What you should do =>
Without the pictures, output all of the data exactly.
[Input records]
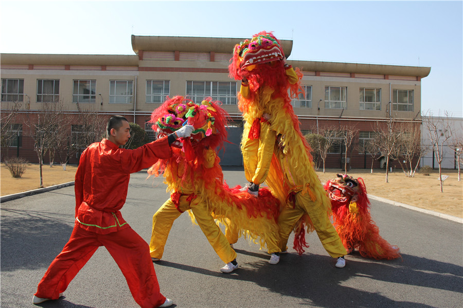 服刑人員通過表演舞獅等民間傳統(tǒng)節(jié)目,迎接2016猴年春節(jié)
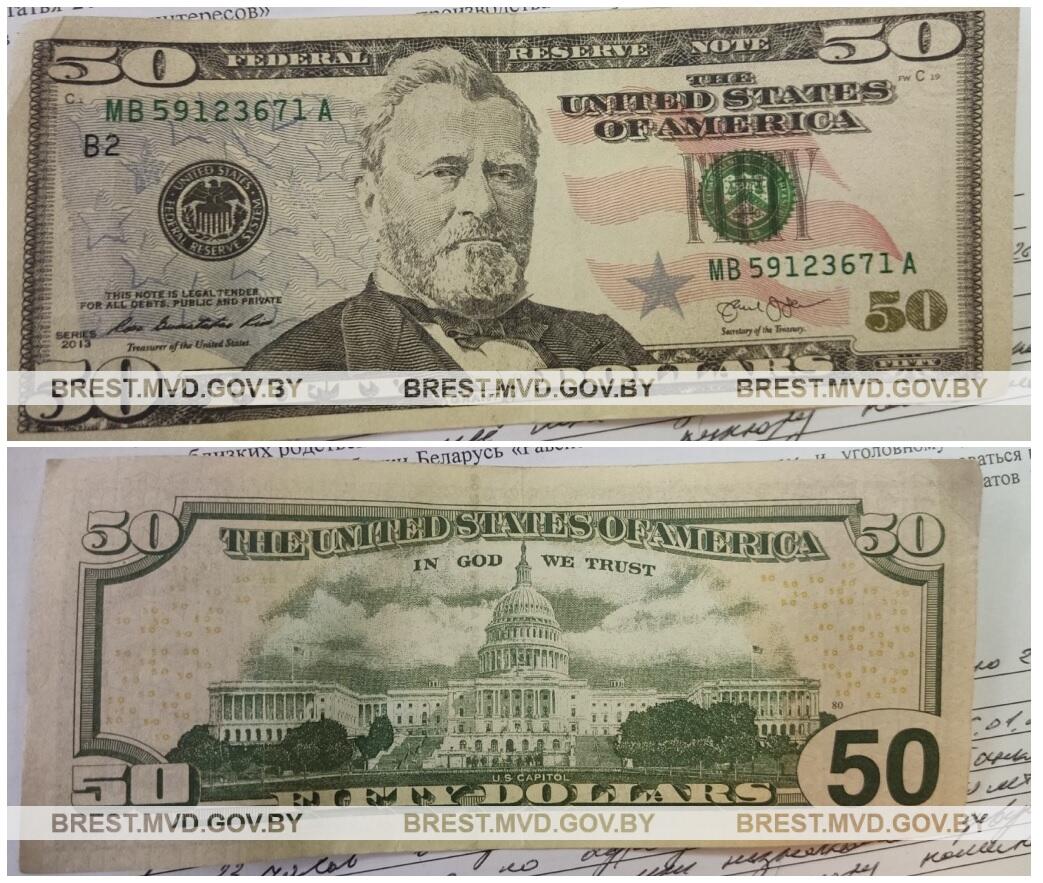 В Барановичский ГОВД поступило сообщение о том, что 30-летняя местная жительница в одном из банков предъявила к обмену купюру 50 долларов США.
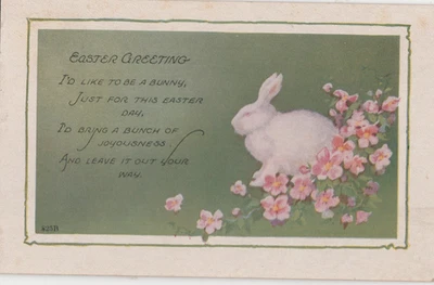 Easter fantasy used 1923 postcard bunny and flowers
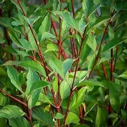 灌木,高1-3米。树皮灰绿色。小枝淡黄色或淡红色,无毛,有光泽。芽卵形,尖,黄褐色,无毛。
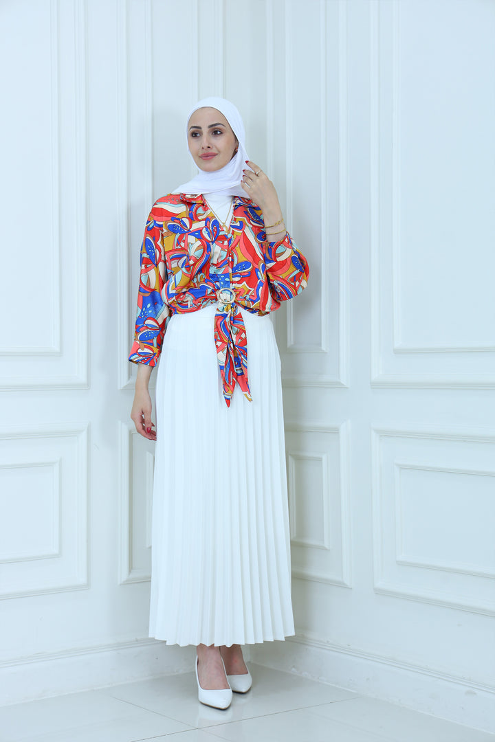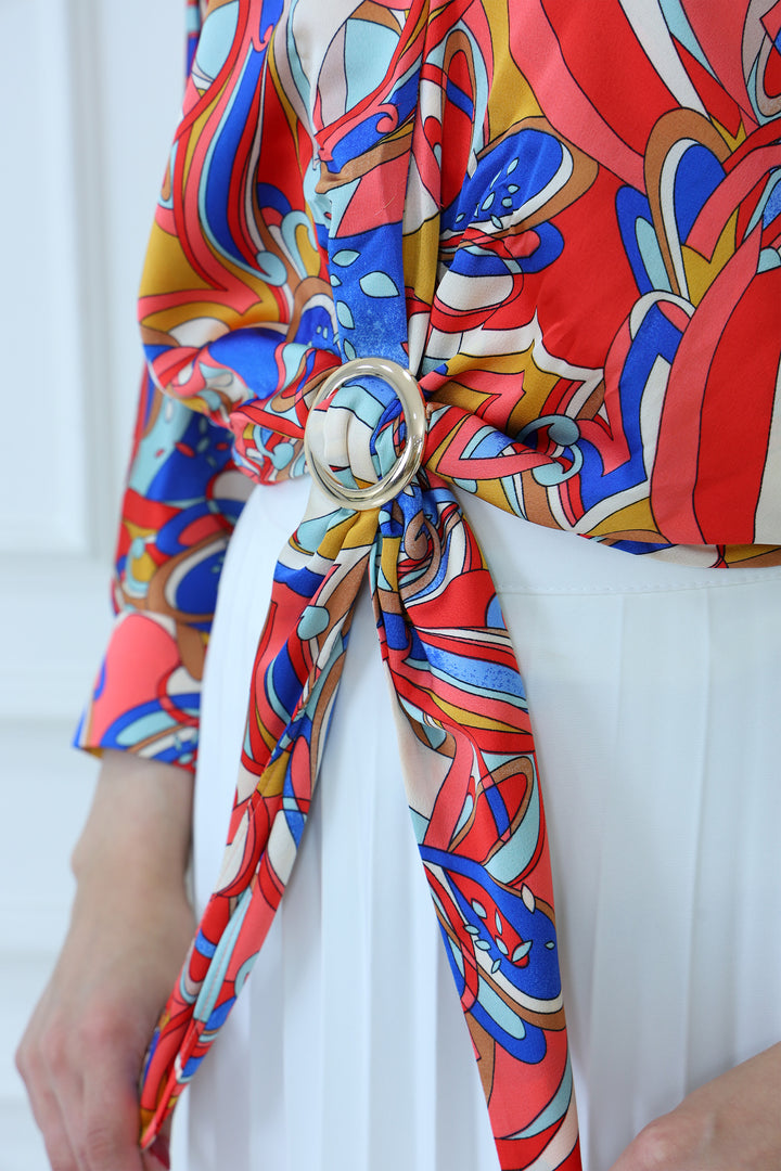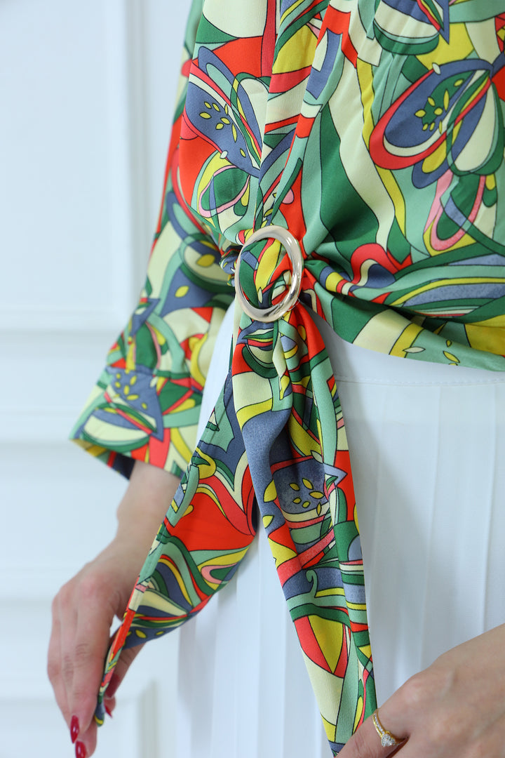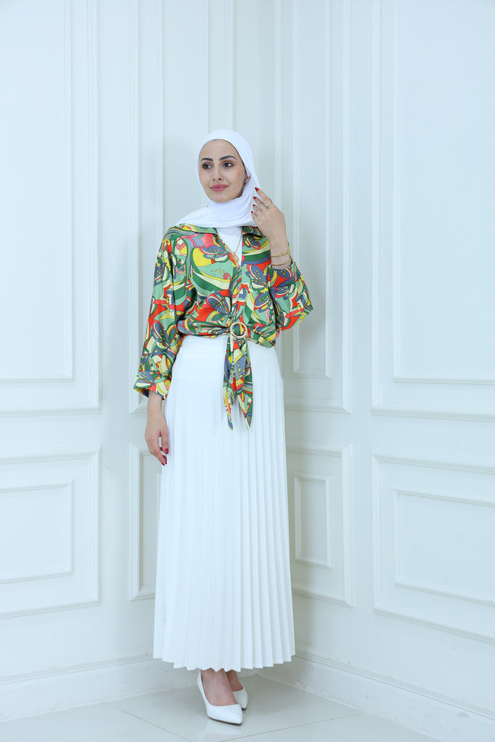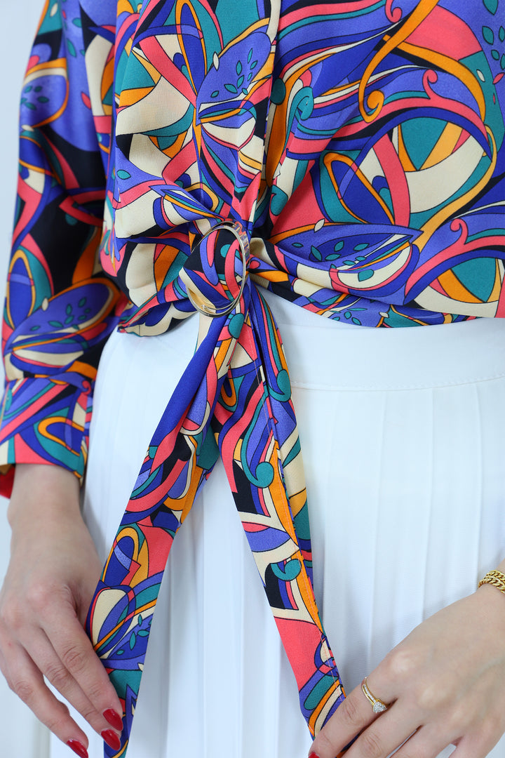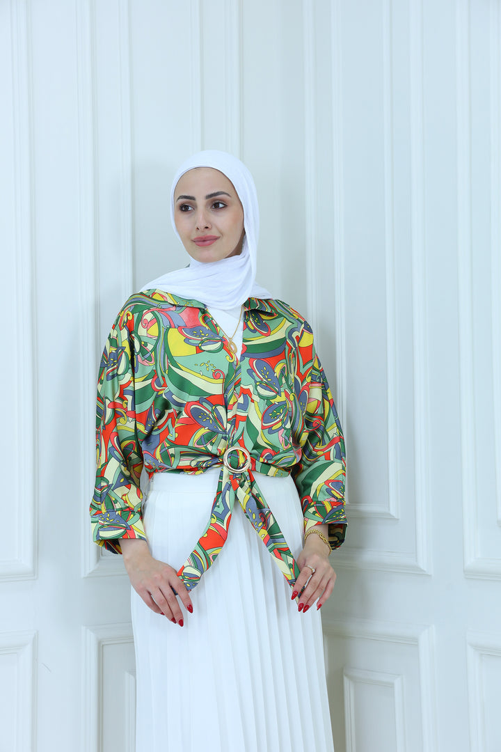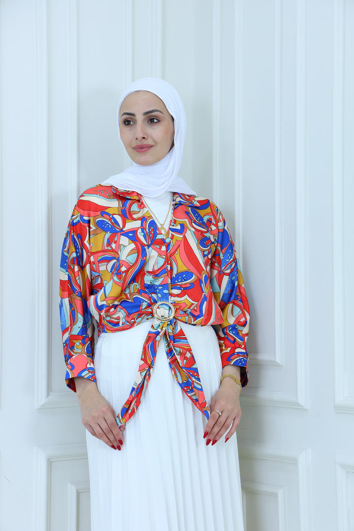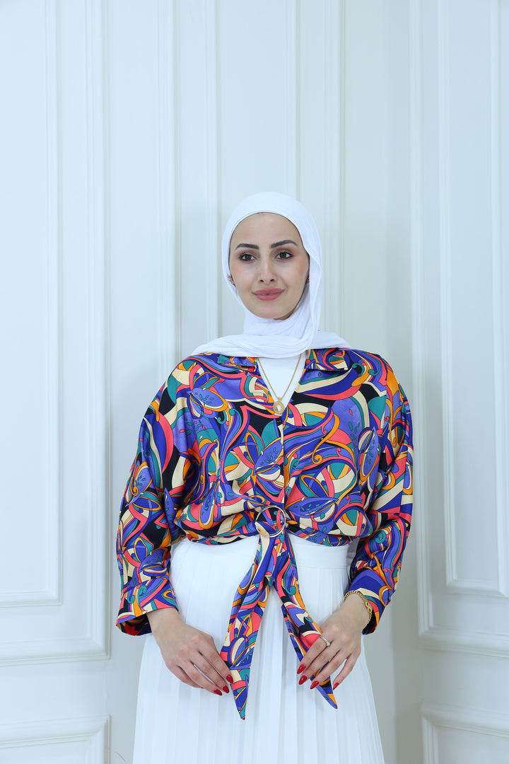 Turn heads with this vibrant abstract print satin blouse featuring bold multicolor patterns and a stylish front tie design. Made from lightweight, silky fabric, this blouse is perfect for adding a pop of color to your modest wardrobe. Pair it with a pleated skirt or tailored pants for a chic, fashion-forward look ideal for casual outings, parties, or semi-formal events
[/Input records]
Written answer =>
 服刑人員通過表演舞獅等民間傳統(tǒng)節(jié)目,迎接2016猴年春節(jié)
 В Барановичский ГОВД поступило сообщение о том, что 30-летняя местная жительница в одном из банков предъявила к обмену купюру 50 долларов США.
 Easter fantasy used 1923 postcard bunny and flowers
 灌木,高1-3米。树皮灰绿色。小枝淡黄色或淡红色,无毛,有光泽。芽卵形,尖,黄褐色,无毛。
 Turn heads with this vibrant abstract print satin blouse featuring bold multicolor patterns and a stylish front tie design. Made from lightweight, silky fabric, this blouse is perfect for adding a pop of color to your modest wardrobe. Pair it with a pleated skirt or tailored pants for a chic, fashion-forward look ideal for casual outings, parties, or semi-formal events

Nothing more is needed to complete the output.